* **What is being asked**
Write out again, exactly as they appear, the lines from the start of the data below through the line with "教育党委[2004]6号 浙江大学教育学院在学生中发展党员工作的三年规划"; no pictures.

* **Recorded data**
=== Begin Enclosure ===

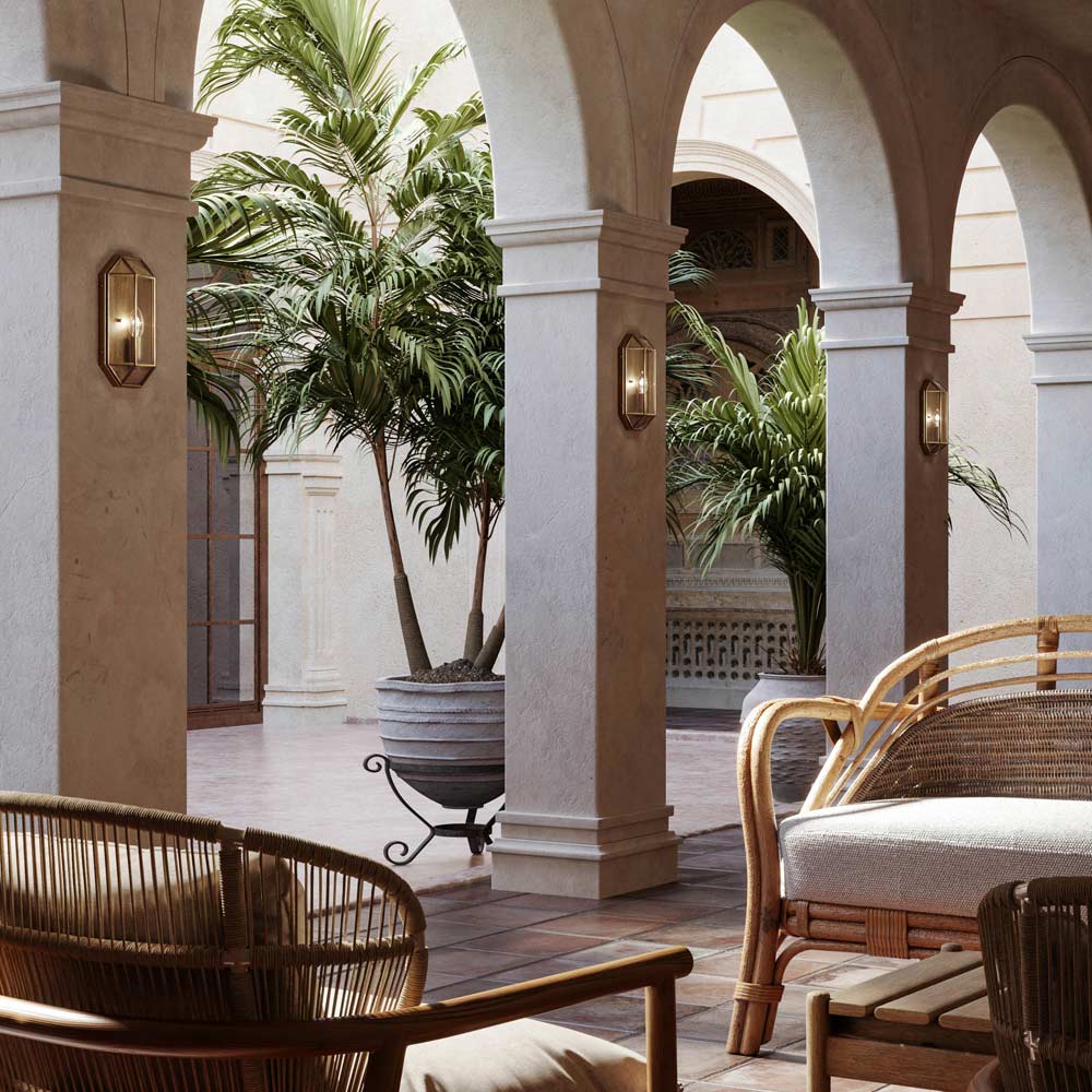 burnished brass. Available sizes:- 16 x 7,5 x 35 cm - 2 lights MAX 28W E14 - 3 kg
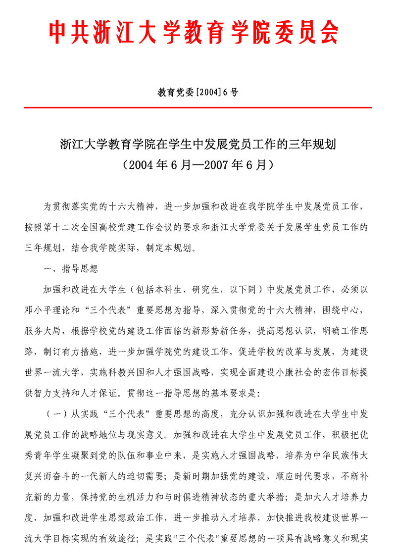 教育党委[2004]6号 浙江大学教育学院在学生中发展党员工作的三年规划
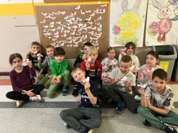 W klasach 1-3 w związku ze Świętami majowymi odbyły się lekcje tematyczne poświęcone Konstytucji 3 Maja i historii polskich symboli narodowych. Dzieci wykonały własnoręcznie flagi, wspólnie ozdobili mapę Polski ptaszkami biało-czerwonymi wypisując na nich swoje skojarzenia dot. Polski, wykonały piękne patriotyczne prace plastyczne. Obchody świąt majowych były dla nas wszystkich nie tylko lekcją historii, ale również okazją do wspólnego świętowania i budowania poczucia tożsamości narodowej.
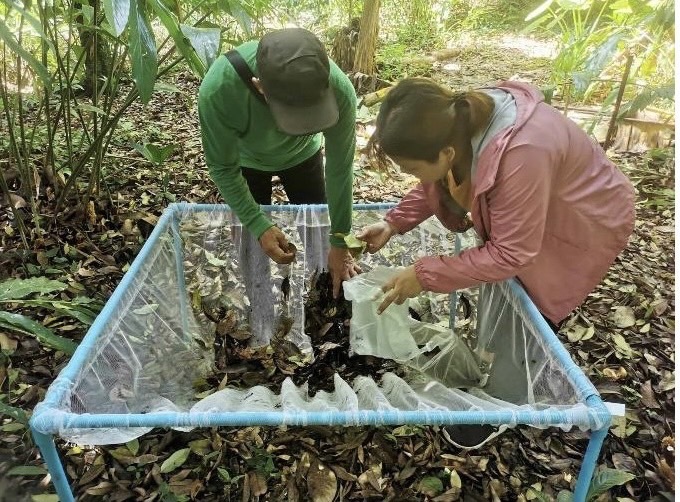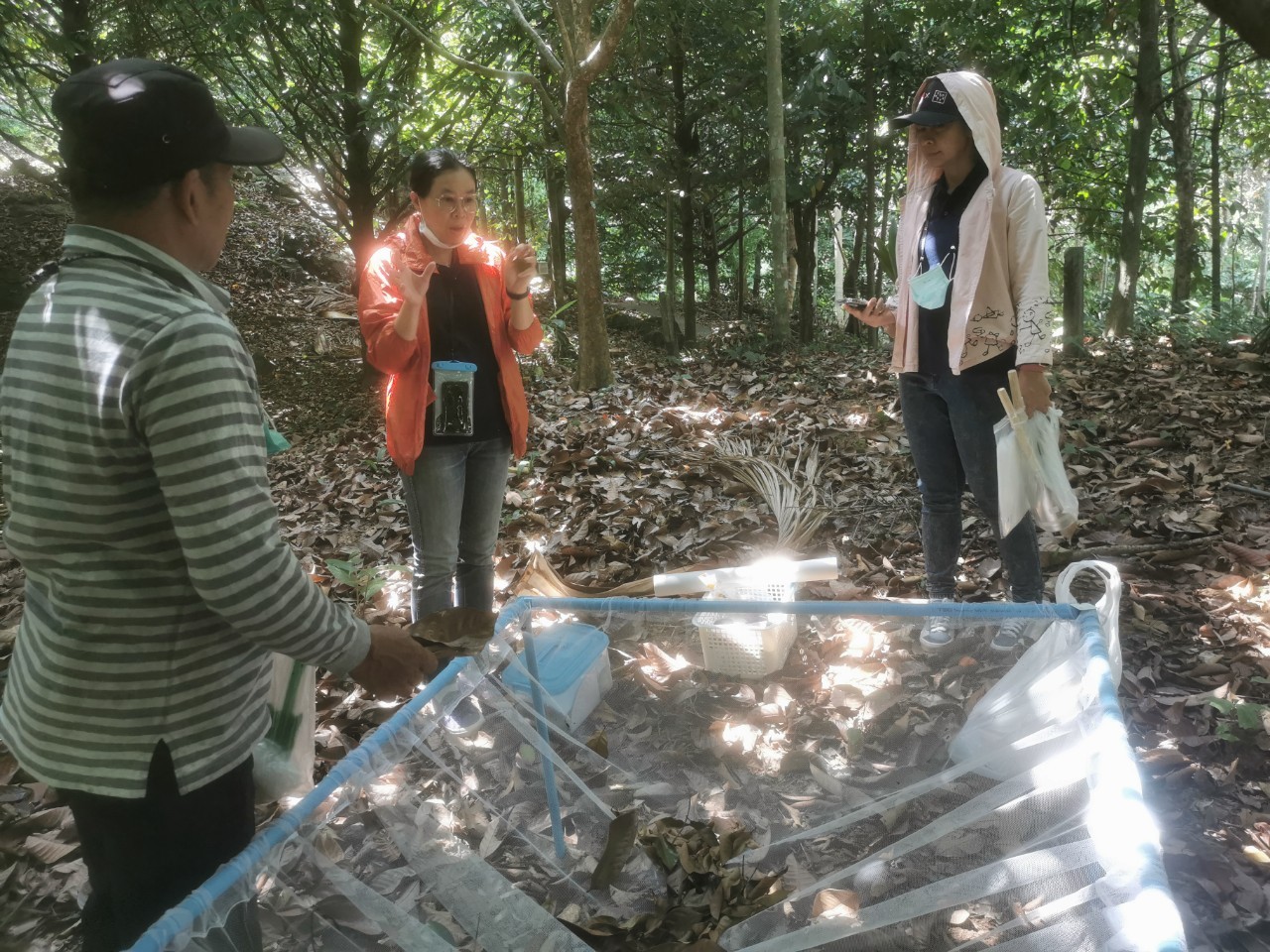 They set up temporary sample plots in the shape of 40 x 40-meter squares (1 rai) and recorded tree measurements with a center point height of 1.30 meters and the overall height of trees in the sample area. They chose allometric equations for humid and dry tropical forests in Thailand to calculate aboveground biomass (ABG) and belowground biomass (BLG). These equations involved measuring various parts of the tree above the ground, such as stems, branches, leaves, flowers, and fruits, as well as other herbaceous plants. The researchers categorized the trees into three age groups: less than 20 years old, 20-40 years old, and 60 years and older, resulting in a total of 9 samples. Data were collected three times (March, April, and May) and soil samples were taken to determine soil organic matter and analyze the data.

=== End Enclosure ===

* **Response area**
 burnished brass. Available sizes:- 16 x 7,5 x 35 cm - 2 lights MAX 28W E14 - 3 kg
 教育党委[2004]6号 浙江大学教育学院在学生中发展党员工作的三年规划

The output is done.